As mentioned this was purchased from Alchemy Coffee. For the purpose of this review I asked about the process and everything seemed to go perfectly well. Payment was cleared on a Tuesday with bench test on Wednesday before posting to arrive next day on the Thursday. Good communication throughout and even the courier did his job. The machine was double boxed, Rocket box inside large outer with extra cardboard and those foam puffs? You know the ones that go everywhere!

The Rocket packaging was superb, the only problem getting it out of both boxed onto the counter, cue Rocky theme music and wishing I spent more time at the gym, actually no I don't. Assembly was very easy, only the drip tray and cup rail to attach and no film to strip off.

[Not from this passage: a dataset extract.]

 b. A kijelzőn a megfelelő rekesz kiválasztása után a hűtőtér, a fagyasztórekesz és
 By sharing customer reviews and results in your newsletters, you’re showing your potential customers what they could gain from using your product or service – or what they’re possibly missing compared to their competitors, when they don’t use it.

Actually had to remove one of those bloody caution stickers on the E61, what a pain in the ass.

Comes with box of supplies including a single and double portafilter, blank basket, group brush polishing cloth, instructions and DVD. Oh and some sort of electronic box with curly lead, more on that later. Everything is great quality and weighty, it is really well put together and looks the nuts.

*Pros/Cons*

I decided that some pros/cons are one and the same so I have decided to break it down into key areas and give feedback that way, this should become apparent why. I have focussed on particular areas from my own experience but also particularly looking at areas on the v1 which I know people had issues with.

*Noise:* Ok lets get straight to it. Lots of complaints about v1 being too loud and also making an "opera noise". I am happy to report no opera singers came installed on my R58. However, I would say that this is louder in operation than other rotary pumps (Rocket Evo, Alex Duetto). In addition I was getting some rattle which I pinned down to the cup rail which was slightly out of shape and not sitting flush. I just with my hands moved one of the arms in slightly and problem solved. Also adding the cloth that came with the box of extras to the cup tray reduces cup rattle.

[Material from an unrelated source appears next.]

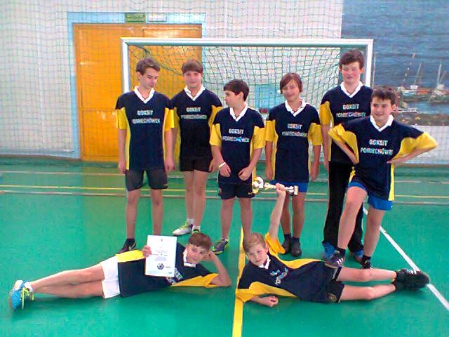 Dnia 29 stycznia na obiekcie Nowodworskiego Ośrodka Sportu i Rekreacji w Nowym Dworze Mazowieckim rozegrane zostały Mistrzostwa powiatu w piłkę nożną halową chłopców. Uczniowie Szkoły Podstawowej w Pomiechówku prowadzeni przez p. Pawła Laskusa punktualnie stawili się na miejscu gotowi podjąć rywalizację sportową z innymi przybyłymi drużynami. Oprócz nas na miejscu stawili się uczniowie reprezentujący Szkołę Podstawową nr. 4 w Nowym Dworze Mazowieckim, Szkołę Podstawową w Starych Pieścirogach i Szkołę Podstawową w Zakroczymiu. Po przywitaniu drużyn i losowaniu celem wytypowania kolejności gry zespołów, główny sędzia czuwający nad prawidłowym przebiegiem spotkań p. Jarosław Wróblewski rozpoczął pierwszy mecz pomiędzy drużyną SP4 i SP z Starych Pieścirogów. Walka była zażarta i zakończyła się wynikiem 3:2 dla drużyny z Nowego Dworu Mazowieckiego. Kolejny mecz odbył sie między drużyną z Pomiechówka a uczniami z Zakroczymia. Od samego początku ton meczu nadawała drużyna prowadzona przez p Pawła Laskusa strzelając w pierwszej połowie bramkę. Zdawało się iż takim wynikiem zakończy się całe spotkanie jednak w końcówce drugiej połowy po błędzie w obronie zawodnicy z Zakroczymia zdołami strzelić kontaktową bramkę tym samym wyrównując i kończąc spotkanie wynikiem 1:1. Szkoda tego remisu gdyż Pomiechówek był od samego poczatku zdecydowanie lepszy. Kolejny mecz rozegrany został pomiędzy SP4 a drużyną z Zakroczymia. Mecz zakończył sie wynikiem 1:0 dla gospodarza turnieju, ustawiajac tą drużynę na pierwszym miejscu tabeli. Trzecie z kolei spotkanie odbyło się pomiędzy Naszymi Orłami, a drużyną z Pieścirogów Starych. Nasza drużyna mocno zmotywowana przez trenera od razu przystąpiła do ataku górując nad przeciwnikiem pod każdym względem. Wynik 5:0 mówi sam za siebie, a piękna gra Naszych uczniów podobała się wszystkim zgromadzonym w hali. Ostatni mecz odbył się pomiędzy liderem tabeli chłopcami z SP4, a pomiechowskimi młodymi piłkarzami :-) Walka była bardzo zacięta, a Nasi chłopcy wiedzieli że tylko wygrana daje im pierwsze miejsce w turnieju. Sytuacje podbramkowe występowały zarówno z jednej jak i drugiej strony jednak nikt nie potrafił przechylić ostatecznie szali zwycięstwa na swoją stronę i wynik meczu zakończył sie bezbramkowym remisem. Pierwsze miejsce tym samym wywalczyła drużyna z Szkoły Podstawowej nr.4 Drugie miejsce drużyna z Pomiechówka Trzecie miejsce piłkarze ze Starych Pieścirogów, a ostatnie uczniowie z SP w Zakroczymiu. Warto nadmienić iż Nasi podopieczni nie przegrali żadnego meczu, a na turnieju wykazali sie wielką wolą walki. Wygrali spotkanie najwiekszą ilością bramek, a zawodnik pomiechowskiej drużyny Mateusz Dzbański został królem strzelców całego turnieju. Skład drużyny Szkoły Podstawowej w Pomiechóku:Mateusz Dobrzański, Mateusz Dzbański, Bartek Cuber, Bartek Gajewski, Mateusz Otowski, Kajetan Piwowarek, Jan Skrzypczak, Krzysztof Żułtak. |

I am happy now that the noise is not an issue. Yes it is not as quiet as other rotary machines but it is still much nicer than vibes and lets face it, all pumps are going to make a noise, get a lever if you want silence. I still think Rocket could improve this for their next version of the R58.

*Drip Tray:* More complaints on v1 were leaks from the drip tray after closing the solenoid caused by a gap between the back of the tray and font of the machine. The Rocket fix for this was to add a magnet to hold the tray in place. In addition some mounts were added to the base where the tray sits to reduce rattle. I can safely confirm that I have none of these issues that were reported on the v1. There is no rattle or leaks anywhere. The drip tray is quite shallow, for me this means I would need to empty every 2/3 days as I like to use a fair amount of water to clean after each shot. This does not bother me and of course in the future I can hook up the line out.

For me the drip tray is not an issue at all. If you cant face emptying the tray every couple of days you may find it a bit on the small side but I like things to be kept clean so in reality I empty at the end of each day.

*Brew Gauge:* Not something that I had ever noticed or come across before so I thought I would share. Firstly there have been the odd wonky gauge sent out by Rocket which they are not happy about, no such issue for me. Something that I noticed which I queried with the supplier was that during the shot the the brew gauge went up to 9bar and stayed rock solid (nice) but on finishing a shot the needle would stay at that point. It would then slowly drop off over a couple of minutes back to near zero or following steaming. I would have expected that as soon as you drop the lever it would drop to zero as the pump is killed. I queried this with Alchemy and the response from Dylan was as follows:



"The lingering at 9 bar after the shot and subsequent drop to 0 bar is due to the placement of the gauge in the design of the water system. The gauge takes its reading from a T piece just after the outlet from the pump. The water is then split off to feed both the boilers and group with the addition of one way valves at each of these points.

So, given that, when the pump is switched off at the end of a shot the water is trapped between the pump and the one way valve, so the gauge continues to read 9 bar.

The exhaust only drains the back pressure from the shot but not the rest of the system due to the one way valve.

The gradual drop in pressure is likely due to the equalisation of water pressure in the copper pipes either side of the one way valves as the water in the system moves about, refilling the chamber in the group and dripping out of the expansion valve as it allows any over pressure to be released. Both of these parts are mechanical so there is some tolerances in their control. So, as long as the gauge reads 9 bar during extraction the machine is working correctly."
​
This makes sense and I am happy that all is working well. I have not plumbed in the machine to date but will one day and test how well the gauge works when playing with line pressure to pre-infuse. Any user feedback on this is most welcome.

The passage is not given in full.